The good: In this talk we discuss a possible worlds semantics for interval probability distributions, define the operation of conditionalization on such distributions, and provide closed-form solution to the problem of computing the result of conditionalization explicitely.

The bad: While our solution is provably correct, w.r.t. the given definition, the conditionalization results show a variety of peculiar properties, such as non-commutativity.

The ugly: As it turns out, it is impossible to define a better notion of conditionalization operation on intervals. We discuss this interesting result (due to Jaffray) and its implications on representaion of imprecise probabilities.
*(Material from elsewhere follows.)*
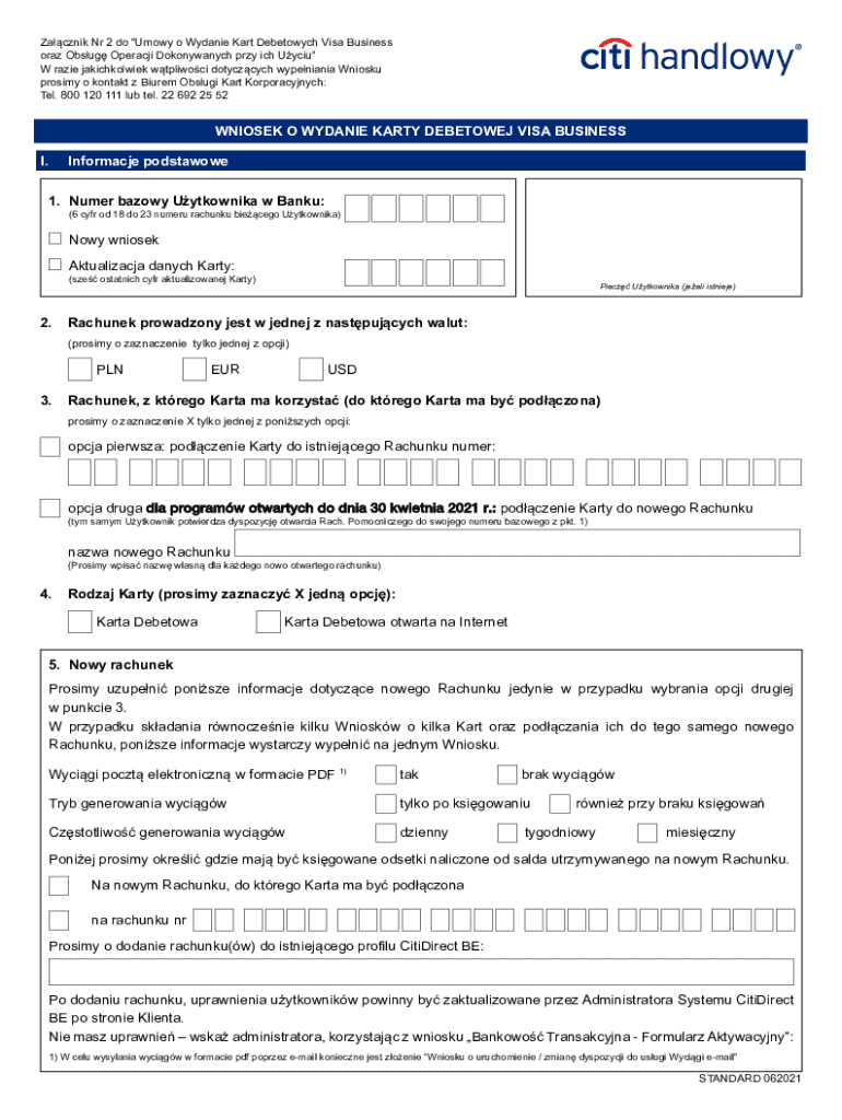 The Visa Business Debit Card Application is a crucial form utilized in Poland for requesting the issuance of a Visa Business Debit Card. This application is essential for businesses seeking an efficient method to manage their expenses and transactions. To successfully complete the application, users must provide specific information, including personal details and account information.

This is joint work with Judy Goldsmith (University of Kentucky).

 
Cellular and Graph Automata in The Context of Parallelism vs. Sequential Nondeterminism
Predrag Tosic (University of Illinois at Urbana-Champaign)

It is common in theory of parallel computation to distinguish between "coarse-grained parallelism" (practically all computing machines we build are of this type) and "fine-grained parallelism" (that are built by Nature). Many problems central to the former class (physical and logical limits on parallelism, synchrony vs. asynchrony, finite speed of information propagation) are typically abstracted away altogether from the latter. For instance, in case of classical cellular automata (CA), it is assumed that a single cell 'reads' values of its neighbors and updates its current value in a single 'atomic' (i.e., indivisible) step, and in a perfect synchrony  with all other cells that do the same. But, should these "local node updates" always be considered atomic?

We consider some examples of classes of cellular and graph automata where 'parallel' node updates yield global behavior that provably cannot be reproduced by any sequential ordering of the node updates. The main implication is that, in the context of "massively parallel computers" such as CA, either we have to abandon the notion of behavioral equivalence of parallel actions and nondeterministic interleavings of appropriate sequential actions, or else refine the granularity of atomic actions even further in order to preserve the nondeterministic interleaving semantics of concurrency.